The United States military has had a presence in Afghanistan since 2001. In the aftermath of 9/11, the US military invaded Afghanistan to one, find Osama bin Laden, and two, wage a “war on terrorism.” Has this war succeeded?

In the last ten years, Osama bin Laden was found and killed, the Taliban and Al-Qaeda are slightly weakened, but, unfortunately, terrorism has only been slightly thwarted, and not all together stopped, as the US hoped to do.

I have a lot of interest in Afghanistan. I wrote my thesis on Al-Qaeda while at Wellesley College because I wanted to understand why 9/11 happened. Now, I have a better understanding of the history and of religious extremism.

I also take interest in Afghanistan because as a feminist, I watch with intrigue, horror, and hope, the women of this country and all they endure. I also watch with interest, as the Afghan people, time and time again, rise up after colonization, invasion after invasion, religious extremism, war, and destruction.

Afghanistan is by far one of the most fascinating, beautiful, and troubled countries on the planet. In this column entry and my next entry in two weeks, I will focus on the US Military’s accidental burning of the Holy Qur’an, as well as on Staff Sergeant Robert Bales’ shooting and killing of seventeen innocent Afghan civilians.

I believe what most people do not understand is what the Holy Qur’an means to Muslims. When I am teaching about Islam to non-Muslims and I speak about the Qur’an, I explain that without the Qur’an, Islam might not exist.

I explain that the Qur’an is literally the Word of God, as revealed by God to the Prophet Muhammad.

The Burning!

We can read the facts of the Qur’an burning in such articles from the New York Times where soldiers unknowingly burned several copies of the Qur’an before becoming aware of what they were doing.

Protests mounted and over thirty Afghans lost their lives, as well as four American soldiers in the aftermath of violent protests surrounding the incident. President Obama did issue an apology, much to the chagrin of the Republican Party.

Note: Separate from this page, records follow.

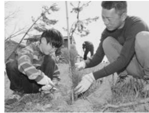
↑丁寧にクロマツの苗木を植える新1年生の親子
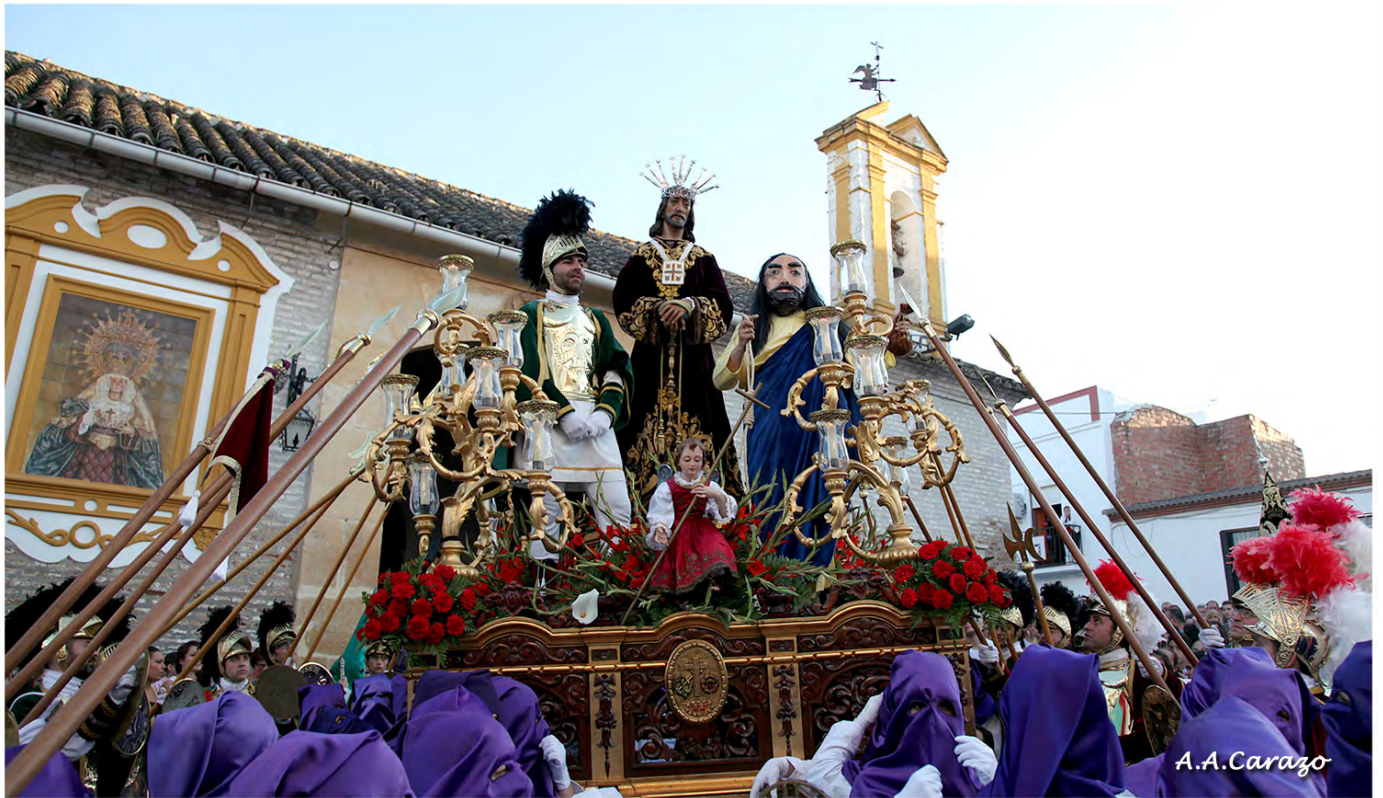
Prendimiento de Ntro. Padre Jesús Rescatado
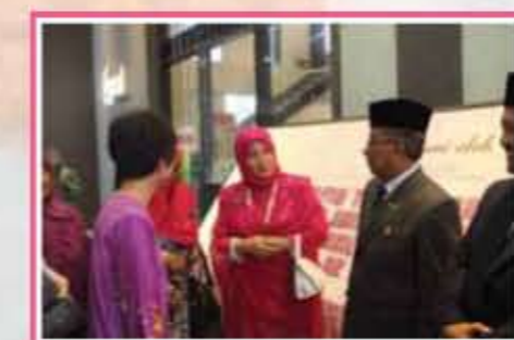
TPP selesai menandatangani plak SWG / TPP completed the signature on SWG Signboard
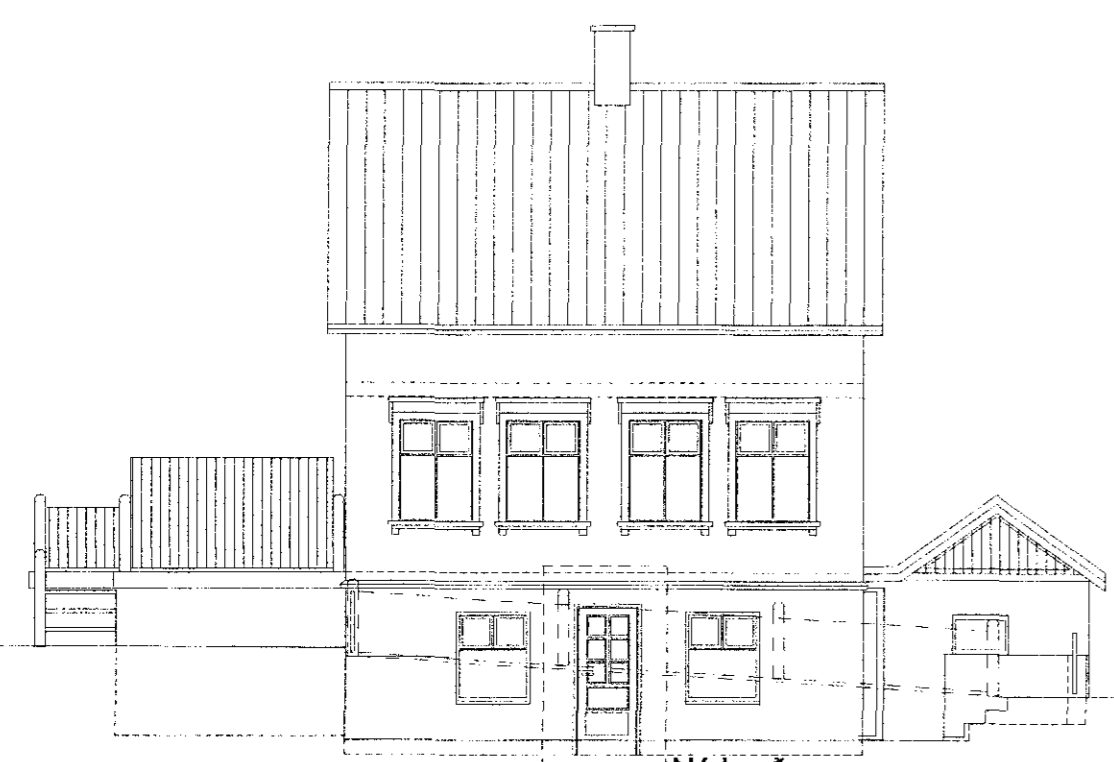
SUÐ-VESTUR Ny hurð

Samþykkt þ.m. 31. maí 2017 Byggingaáhlutránn í Hafnarfirði
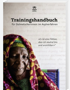
UNHCR ÖSTERREICH Trainingshandbuch für DolmetscherInnen im Asylverfahren 1. Aufl. 2016, 194 Seiten, A4, Softcover ISBN 978-3-99033-605-2 Art.-Nr. 20186151 EUR 34,90

In my work, I understand that war atrocities are going to happen. We can view in our world’s history all the terrible consequences of war—from rape, to genocide, to the obliteration of infrastructure which forces people to leave their countries forever, to the anger enacted out by many who become terrorists, criminals, and are psychologically damaged forever.

War is not pretty and it carries destructive consequences far beyond that which we, whom have never been in a war, are capable of comprehending. This however, does not excuse stupidity.

Afghanistan has some of the richest, most provocative and amazing history in the world. You can find the old silk-road running through Afghanistan. The Zoroastrian religion began in Afghanistan. Some of the world’s first oil paintings from Buddhists can be found in remote caves in Afghanistan.

At one time, Afghanistan was the center of the Islamic civilization. And, in 1974, the United Nations designated Herat, Afghanistan, as part of the world’s cultural heritage.

In a country that literally has thousands of years of history and culture; in a country where Islam was first introduced around the year 652, and at one time was the center of Islamic civilization, I can imagine there are thousands of historical documents, books, items and yes, copies of the Holy Qur’an.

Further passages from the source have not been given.